Start of Data segment
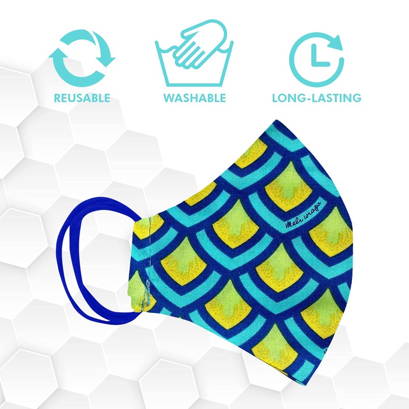 Meli Wraps - Reusable Cotton Face Masks, Washable Face Mask with Adjustable Ear Loops, Large Face Mask for Men, Women and Children, With Scales Mask Design
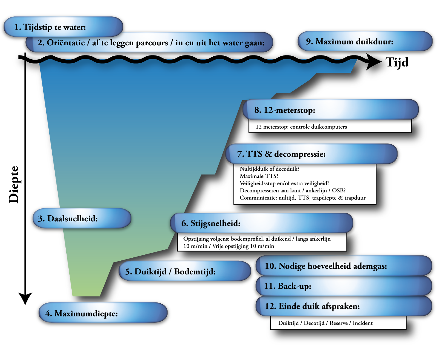 Controleer brevet, ervaring, laatste duik en eventuele problemen.
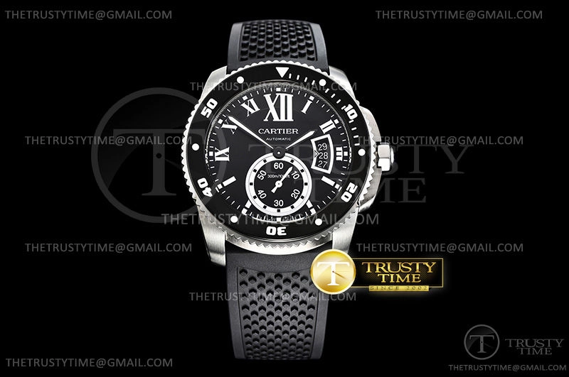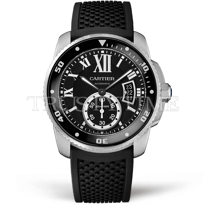 Часы Cartier из коллекции Calibre De Cartier. Классические мужские часы Cartier Calibre de Cartier Diver 42 W7100056 премиального качества (Артикул магазина: CR-0540) оснащены надежным автоматическим механизмом с автоподзаводом (работает от амплитуды движения руки) калибра 1904-PS, в котором реализованы следующие функции: часовая, минутная и секундная стрелки, а так же дата. Круглый корпус часов стального цвета, имеющий размер 42 мм и высоту 11 мм превосходно дополнит образ и украсит запястье своего обладателя. Для изготовления часов Cartier Calibre de Cartier Diver 42 W7100056 предлагаемых в нашем интернет-магазине, применяются нержавеющая сталь 316L высокого качества (Швейцарский стандарт), а так же сапфировое стекло высокой прочности, благодаря чему обеспечивается максимальная защита от сколов и механических повреждений. Отличительной чертой данной модели является черный циферблат, часовые индексы которого обеспечивают римские цифры. Завершает образ каучуковый ремешок черного цвета с фирменной классической застежкой Cartier. Водонепроницаемость данной модели составляет 30М (WR30) – допускается минимальное воздействие с водой.
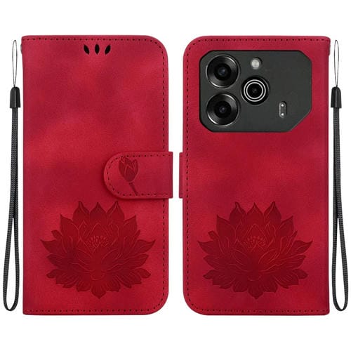 Funda de Cuero para Tecno Pova 6 y Pova 6 Pro con Relieve Lotus (Rojo)
End of Data segment
**Exercise directions:** Take the line with "Часы Cartier из" and each line after it through the end of the material above, and reproduce them exactly, without the pictures.

**Output:**
 Часы Cartier из коллекции Calibre De Cartier. Классические мужские часы Cartier Calibre de Cartier Diver 42 W7100056 премиального качества (Артикул магазина: CR-0540) оснащены надежным автоматическим механизмом с автоподзаводом (работает от амплитуды движения руки) калибра 1904-PS, в котором реализованы следующие функции: часовая, минутная и секундная стрелки, а так же дата. Круглый корпус часов стального цвета, имеющий размер 42 мм и высоту 11 мм превосходно дополнит образ и украсит запястье своего обладателя. Для изготовления часов Cartier Calibre de Cartier Diver 42 W7100056 предлагаемых в нашем интернет-магазине, применяются нержавеющая сталь 316L высокого качества (Швейцарский стандарт), а так же сапфировое стекло высокой прочности, благодаря чему обеспечивается максимальная защита от сколов и механических повреждений. Отличительной чертой данной модели является черный циферблат, часовые индексы которого обеспечивают римские цифры. Завершает образ каучуковый ремешок черного цвета с фирменной классической застежкой Cartier. Водонепроницаемость данной модели составляет 30М (WR30) – допускается минимальное воздействие с водой.
 Funda de Cuero para Tecno Pova 6 y Pova 6 Pro con Relieve Lotus (Rojo)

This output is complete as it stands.